Produce word for word the lines of the data below running from the one that has "Комбинация черепашьего принта" to the one that has "ஷா ஆலம், ஜூலை", inclusive, and no others.

## MATERIAL FOR THE TASK

_____

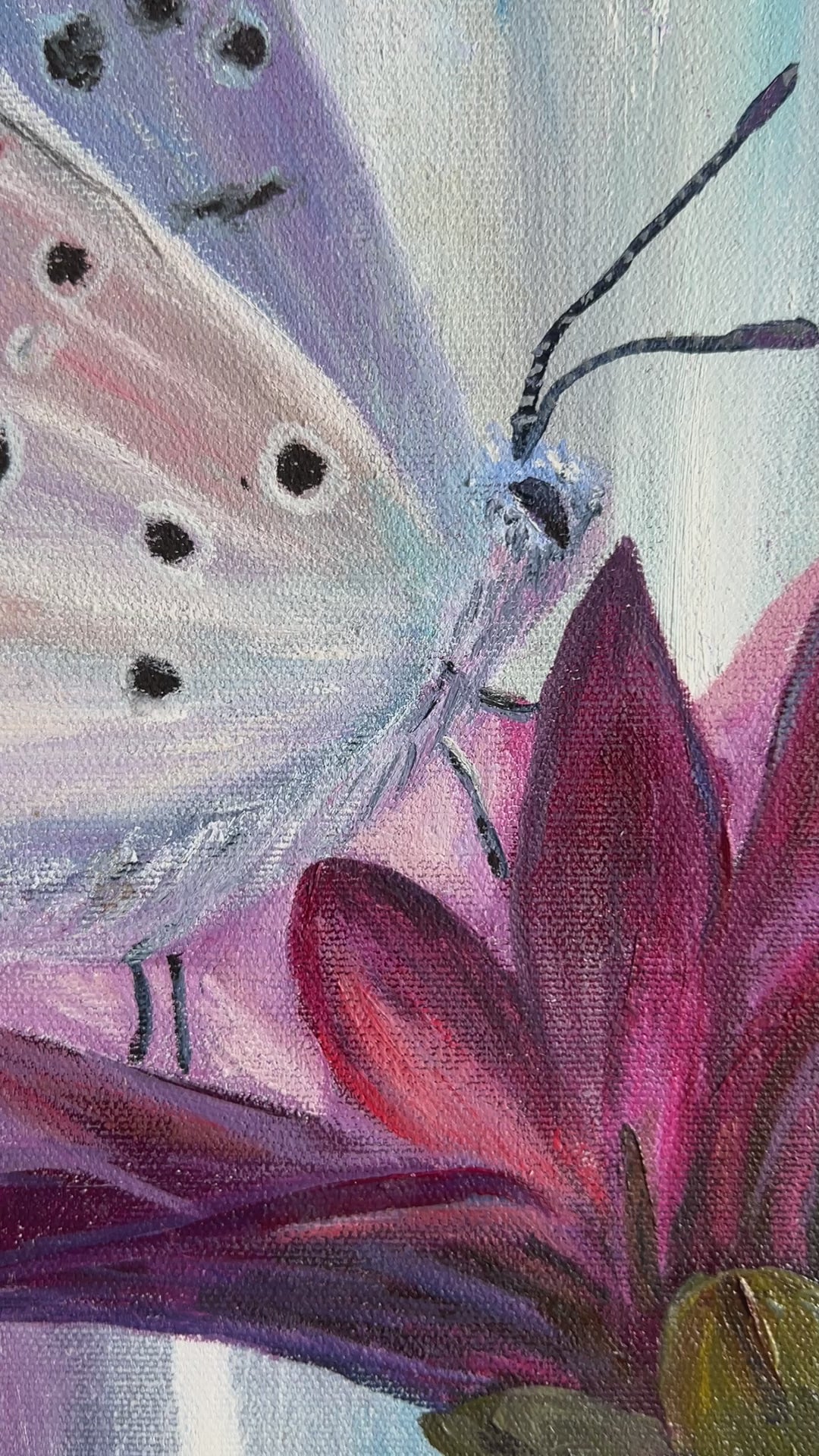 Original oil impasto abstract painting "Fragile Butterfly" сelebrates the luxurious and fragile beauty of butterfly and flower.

_____

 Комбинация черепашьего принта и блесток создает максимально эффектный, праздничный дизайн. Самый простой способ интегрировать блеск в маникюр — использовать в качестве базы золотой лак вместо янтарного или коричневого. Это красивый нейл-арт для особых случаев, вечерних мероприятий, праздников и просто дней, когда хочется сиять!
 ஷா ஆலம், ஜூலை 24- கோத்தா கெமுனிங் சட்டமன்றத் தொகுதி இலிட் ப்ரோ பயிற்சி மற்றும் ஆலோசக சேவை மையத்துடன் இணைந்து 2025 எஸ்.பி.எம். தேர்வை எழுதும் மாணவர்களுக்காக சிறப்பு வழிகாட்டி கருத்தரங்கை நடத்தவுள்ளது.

_____

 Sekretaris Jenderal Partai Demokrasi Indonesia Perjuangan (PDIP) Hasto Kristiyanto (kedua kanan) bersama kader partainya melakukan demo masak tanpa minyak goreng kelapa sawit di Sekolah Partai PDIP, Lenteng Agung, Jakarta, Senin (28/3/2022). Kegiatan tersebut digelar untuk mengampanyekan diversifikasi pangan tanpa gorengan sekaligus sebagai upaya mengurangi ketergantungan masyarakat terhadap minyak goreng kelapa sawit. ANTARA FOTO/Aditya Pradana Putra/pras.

_____

## RESPONSE FOR THIS EXERCISE
 Комбинация черепашьего принта и блесток создает максимально эффектный, праздничный дизайн. Самый простой способ интегрировать блеск в маникюр — использовать в качестве базы золотой лак вместо янтарного или коричневого. Это красивый нейл-арт для особых случаев, вечерних мероприятий, праздников и просто дней, когда хочется сиять!
 ஷா ஆலம், ஜூலை 24- கோத்தா கெமுனிங் சட்டமன்றத் தொகுதி இலிட் ப்ரோ பயிற்சி மற்றும் ஆலோசக சேவை மையத்துடன் இணைந்து 2025 எஸ்.பி.எம். தேர்வை எழுதும் மாணவர்களுக்காக சிறப்பு வழிகாட்டி கருத்தரங்கை நடத்தவுள்ளது.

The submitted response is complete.